101 questions with a bioinformatician #16: Melissa Wilson Sayres

This post is part of a series that interviews some notable bioinformaticians to get their views on various aspects of bioinformatics research. Hopefully these answers will prove useful to others in the field, especially to those who are just starting their bioinformatics careers.


Melissa Wilson Sayres is Assistant Professor of Genomics, Evolution, and Bioinformatics in the School of Life Sciences and The Biodesign Institute at Arizona State University. Her lab is interested in the evolution of sex chromosomes among other topics that relate to genome evolution and comparative genomics.

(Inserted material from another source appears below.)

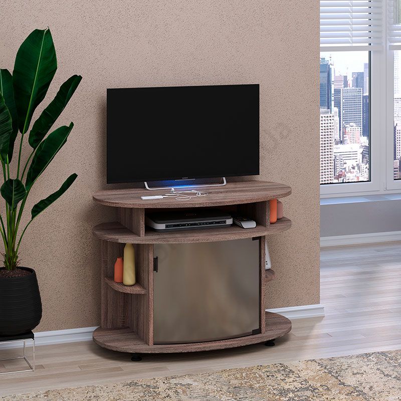 Тумба під телевізор зі скляними дверцятами та відкритими полицями.

I applaud Melissa for clearly setting out both her expectations of people that join her lab in addition to listing her responsibilities to her lab members. I wish more PIs were as communicative about this, though I would add an expectation for grad students: 'I will not leave food — especially cheese — on, in, or near my computer'.

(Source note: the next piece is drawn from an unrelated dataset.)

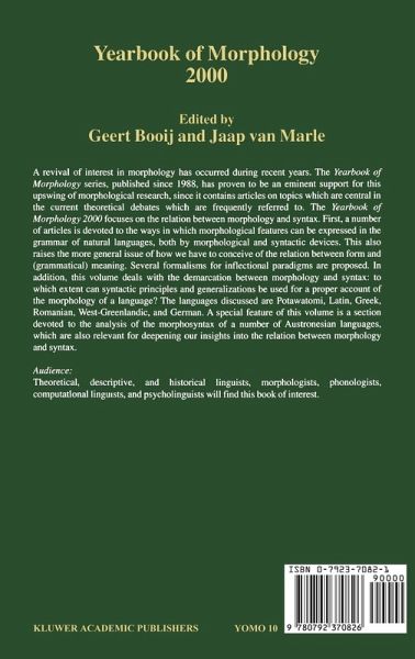 The Yearbook of Morphology 2000 focuses on the relation between morphology and syntax. First, a number of articles is devoted to the ways in which morphological features can be expressed in the grammar of natural languages, both by morphological and syntactic devices. This also raises the more general issue of how we have to conceive of the relation between form and (grammatical) meaning. Several formalisms for inflectional paradigms are proposed. In addition, this volume deals with the demarcation between morphology and syntax: to which extent can syntactic principles and generalizations be used for a proper account of the morphology of a language? The languages discussed are Potawatomi, Latin, Greek, Romanian, West-Greenlandic, and German. A special feature of this volume is a section devoted to the analysis of the morphosyntax of a number of Austronesian languages, which are also relevant for deepening our insights into the relation between our morphology and syntax.

You can find out more about Melissa by visiting her (well documented) lab page, checking out her mathbionerd blog, or by following her on twitter (@mwilsonsayres). And now, on to the 101 questions...

 

 

001. What's something that you enjoy about current bioinformatics research?

That we can use computers to collect, analyze, and learn new things about our biology and evolutionary history.

 

010. What's something that you *don't* enjoy about current  bioinformatics research?

That there isn't a straightforward way to get into it. Some people come from computer science and may feel intimidated about learning the biology. Some come from biology and are intimidated by learning to program. Some (like myself) come from some other background, and learn both! Although there are a few collegiate bioinformatics programs, it is my impression that many schools do not have the kinds of background courses that students need in order to break into bioinformatics. Many of us are self-taught

 

011. If you could go back in time and visit yourself as an 18 year old, what single piece of advice would you give yourself to help your future bioinformatics career?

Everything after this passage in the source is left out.